La fede è per Paolo e per tutti gli autori ispirati della Scrittura, molto di più di una convinzione intellettuale; questo è un concetto occidentale, non biblico. La fede non è semplicemente credere: “Tu credi che c'è un solo Dio, e fai bene; anche i demòni lo credono e tremano. Insensato! Vuoi renderti conto che la fede senza le opere non ha valore?” (Gc 2:19,20). La prima volta che nella Bibbia si parla di fede, è in Gn 15:6: “[Abraamo] credette [“ripose fede”, TNM] al Signore”. Ecco perché è detto che Abraamo è “il padre di tutti quelli che hanno fede” (Rm 4:11, TNM). “Ripose fede” è nel testo ebraico הֶאֱמִן (heemìn), voce del verbo אָמַן (amàn), derivato semanticamente da אֱמוּנָה (emunàh), che indica la stabilità e la solidità. Da questa parola deriva anche אָמֵן (amèn), che significa “sicuramente”, “certamente”, nel senso di essere d’accordo. I demòni che credono nell’esistenza di Dio (e per questo tremano) sono un esempio di mancanza di fede. Le persone che si limitano a dire che credono nell’esistenza di Dio, ma non hanno fede secondo la Bibbia, imitano i demòni che pure credono, con la differenza che i demòni ci credono davvero e per questo hanno i brividi - φρίσσουσιν (frìssusin), “gli si rizzano i peli”, letteralmente - mentre loro non tremano neppure. La fede biblica comporta una relazione d’intimo affetto e di comunione espressi nella fiducia e nella fedeltà. È non solo un’identificazione, ma un coinvolgimento che porta all’obbedienza. Non è possibile mantenere questo profondo coinvolgimento senza rispondere con le opere. Una fede senza opere non ha senso. “A che serve, fratelli miei, se uno dice di aver fede ma non ha opere? Può la fede salvarlo?”. – Gc 2:14.
Per Paolo, come per tutti gli agiografi, la fede implica il fare la volontà di Dio, ubbidire. Di questa fede espressa nell’ubbidienza alla Toràh di Dio, possiamo notare nella Bibbia una progressione.
• Sl 15 (di Davide). “O Signore, chi dimorerà nella tua tenda? Chi abiterà sul tuo santo monte?”. Davide elenca 11 punti:
1. “Colui che è puro
2. e agisce con giustizia
3. e dice la verità come l'ha nel cuore;
4. che non calunnia con la sua lingua,
5. né fa male alcuno al suo vicino,
6. né insulta il suo prossimo.
7. Agli occhi suoi è spregevole il malvagio,
8. ma egli onora quelli che temono il Signore.
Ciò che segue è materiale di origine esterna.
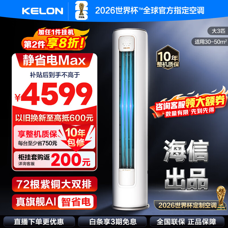 科龙(KELON)空调 海信出品 静省电MAX 询单减200 大3匹柜机 客厅立式新一级变频家用冷暖轻音好眠AI省电 大3匹 一级能效 【咨询享国补价】
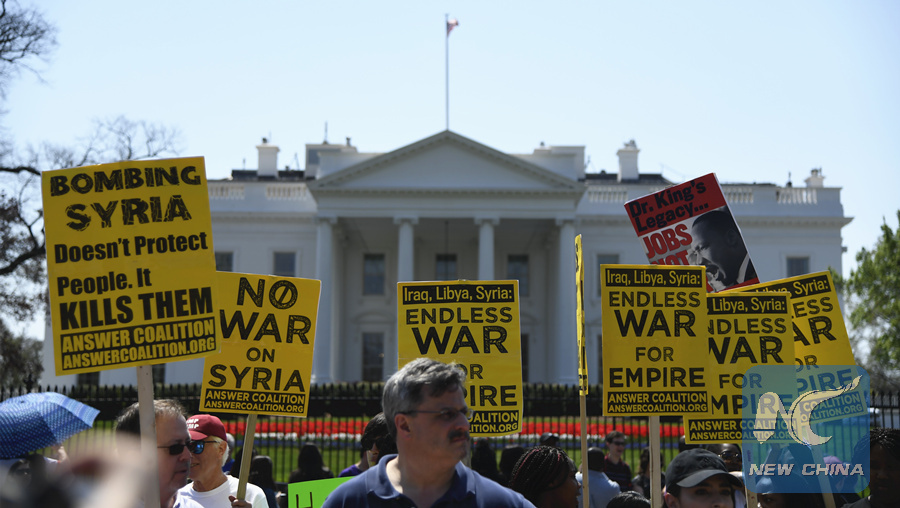 People protest against U.S. strike on Syria outside the White House in Washington D.C., the United States, on April 14, 2018. (Xinhua/Yang Chenglin)

9. Se anche ha giurato a suo danno, non cambia;
10. non dà il suo denaro a usura,
11. né accetta regali a danno dell'innocente”.
• Isaia 33:14-16. “Chi di noi potrà resistere al fuoco divorante?” Isaia elenca sei punti:
1. “Colui che cammina per le vie della giustizia,
2. e parla rettamente;
3. colui che disprezza i guadagni estorti,
4. che scuote le mani per non accettare regali,
5. che si tura gli orecchi per non udir parlare di sangue
6. e chiude gli occhi per non vedere il male”.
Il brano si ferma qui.